11. Method, according to claim 1, wherein the registration on the distributed network comprises converting the hash to hexadecimal format, signing the transaction with a private key and sending it to a public or permissioned blockchain.
12. Method, according to claim 1, comprising a decentralized removal process triggered by user complaints, validated by a consensus mechanism and recorded as a revocation transaction on the distributed network.

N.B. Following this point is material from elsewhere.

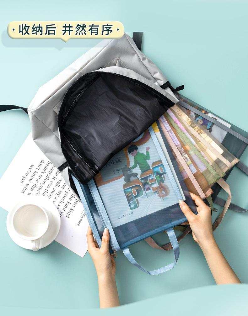 Pasta Dupla Camada A4 Morandi Bolsa de Mão para Papel de Teste A5A6 Estojo de Lápis de Estudante Bolsa de Documentos de Malha Transparente Bolsa de Armazenamento

13. Computer program for the registration, validation and traceability of digital visual content, comprising: - a technical acquisition module configured to generate a perceptual identity of the visual content during its generation flow, prior to the creation of a standalone operational file; - a cryptographic link module to immutably register said identity on a distributed network; - a verification module to compare current content with historical records on the distributed network; and - a governance module to execute programmed instructions that control access to content based on its integrity status. 14.- Computer program, according to claim 13, wherein the acquisition module integrates the Discrete Cosine Transform (DCT) for the extraction of structural features stable against compressions, resolution changes or photometric adjustments. 15.- Computer program, according to claim 13, which includes an immunological validation module that employs machine learning models and frequency transforms (Fourier / Wavelet) to generate structural signatures based on HOG or SIFT descriptors. 16.- Computer program, according to claim 13, which includes a neural compression module configured as an autoencoder to represent the images in a lower dimension latent space preserving perceptual identity. 17.- Computer program, according to claim 13, comprising an API Interface and a Verification Platform to provide decentralized access to traceability functionality through web services. 18.- Computer program, according to claim 13, wherein the governance module manages a decentralized elimination protocol by means of consensus voting and issuance of abrogation transactions on the distributed network.